'''
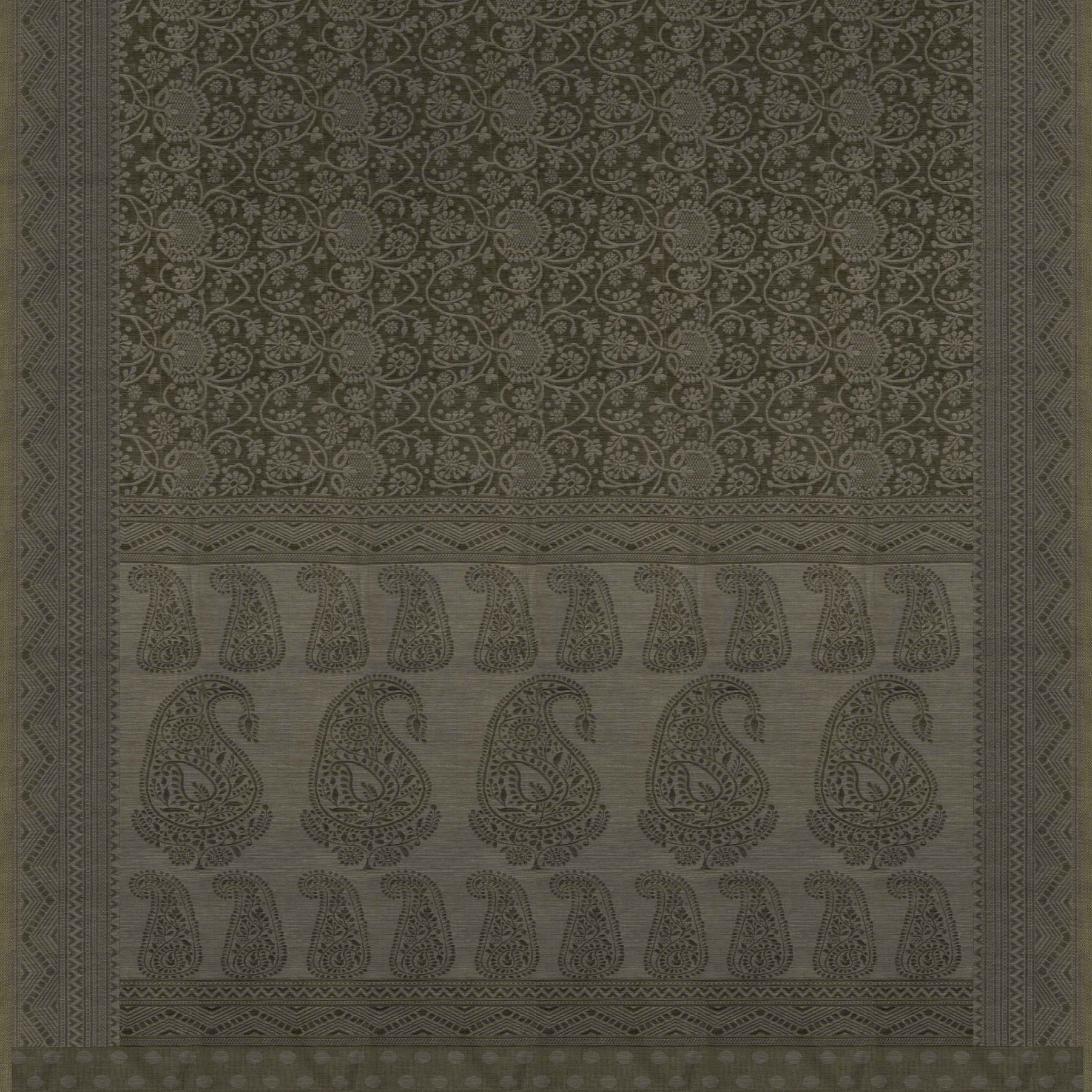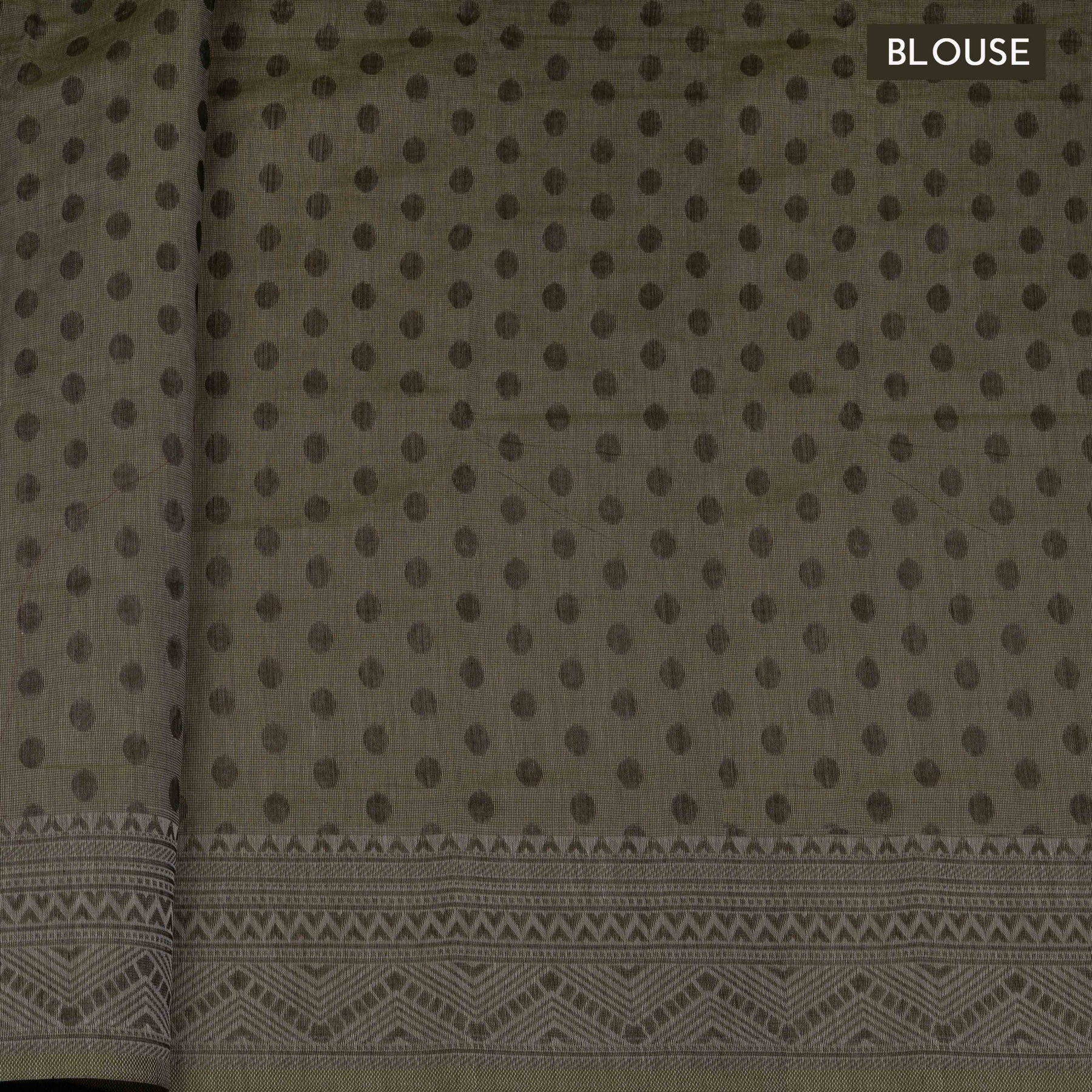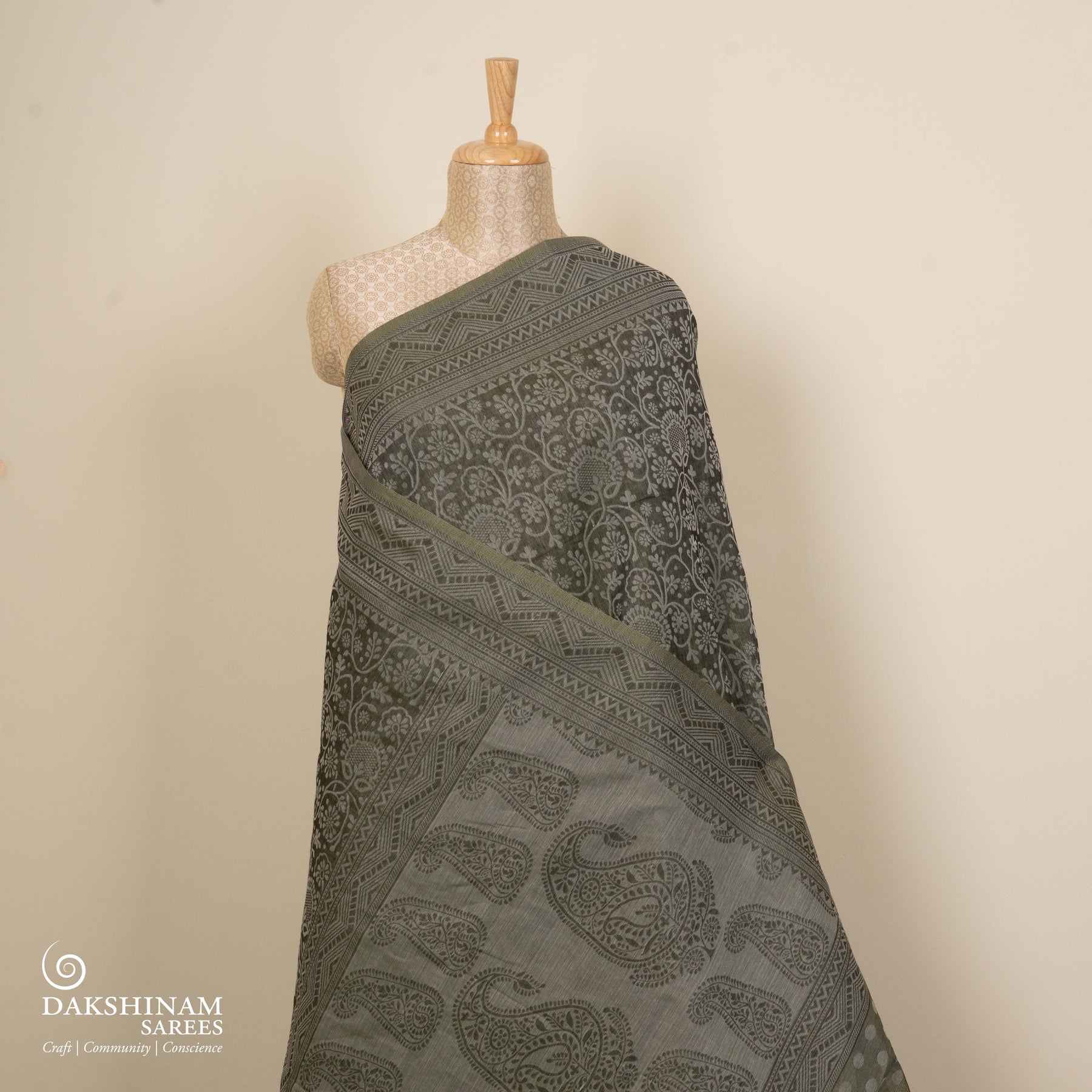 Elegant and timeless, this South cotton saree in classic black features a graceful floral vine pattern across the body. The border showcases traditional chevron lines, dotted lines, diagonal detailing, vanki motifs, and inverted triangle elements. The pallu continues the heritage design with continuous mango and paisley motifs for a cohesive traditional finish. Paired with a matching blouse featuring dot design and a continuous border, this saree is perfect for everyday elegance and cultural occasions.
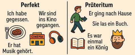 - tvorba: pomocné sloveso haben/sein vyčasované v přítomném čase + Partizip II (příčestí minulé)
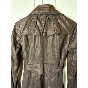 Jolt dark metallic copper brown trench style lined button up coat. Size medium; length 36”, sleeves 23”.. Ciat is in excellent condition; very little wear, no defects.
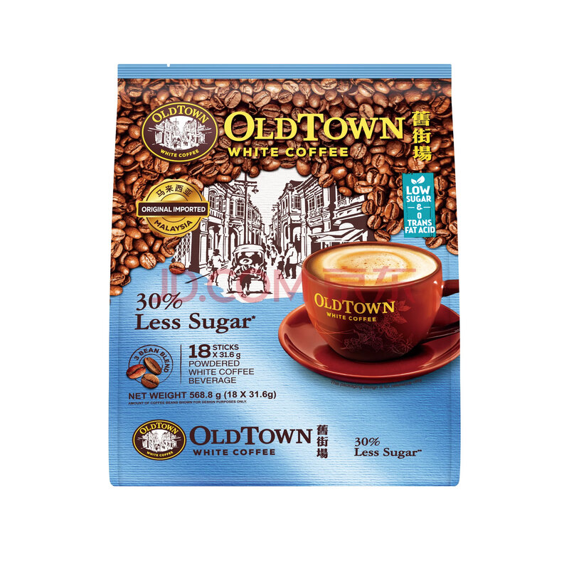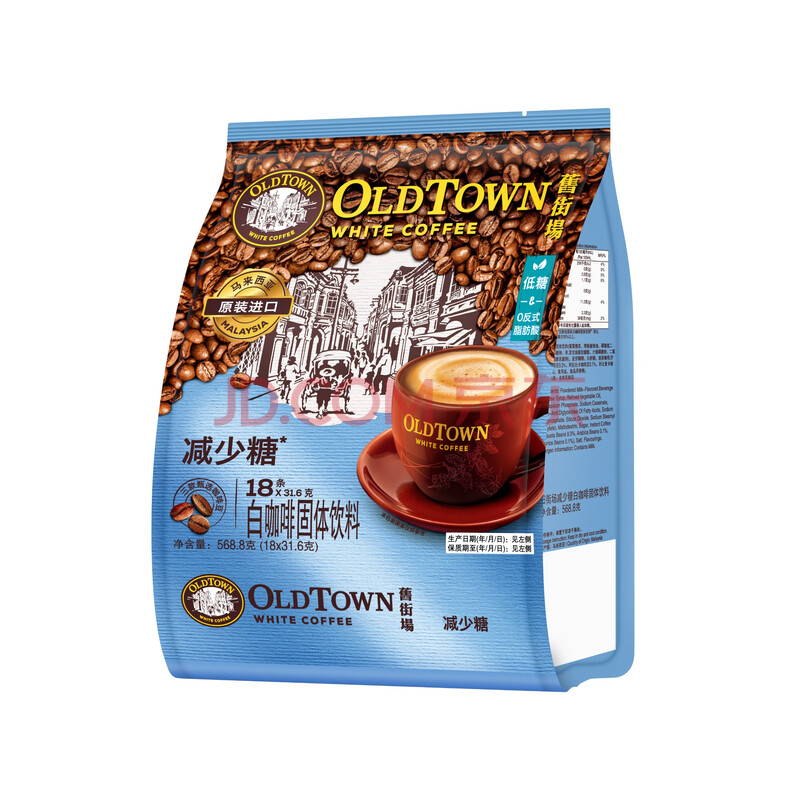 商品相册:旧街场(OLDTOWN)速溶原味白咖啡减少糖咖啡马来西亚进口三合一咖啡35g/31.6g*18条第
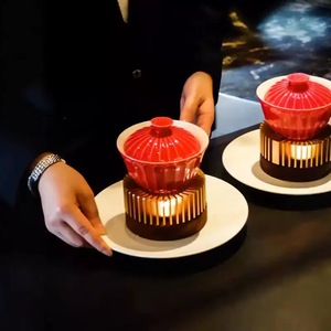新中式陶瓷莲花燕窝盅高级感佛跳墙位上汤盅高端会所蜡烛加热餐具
'''
[What needs to be done]
The answer must be the full listing retyped exactly, with no pictures in it.

[Task solution]
 Elegant and timeless, this South cotton saree in classic black features a graceful floral vine pattern across the body. The border showcases traditional chevron lines, dotted lines, diagonal detailing, vanki motifs, and inverted triangle elements. The pallu continues the heritage design with continuous mango and paisley motifs for a cohesive traditional finish. Paired with a matching blouse featuring dot design and a continuous border, this saree is perfect for everyday elegance and cultural occasions.
 - tvorba: pomocné sloveso haben/sein vyčasované v přítomném čase + Partizip II (příčestí minulé)
 Jolt dark metallic copper brown trench style lined button up coat. Size medium; length 36”, sleeves 23”.. Ciat is in excellent condition; very little wear, no defects.
 商品相册:旧街场(OLDTOWN)速溶原味白咖啡减少糖咖啡马来西亚进口三合一咖啡35g/31.6g*18条第
新中式陶瓷莲花燕窝盅高级感佛跳墙位上汤盅高端会所蜡烛加热餐具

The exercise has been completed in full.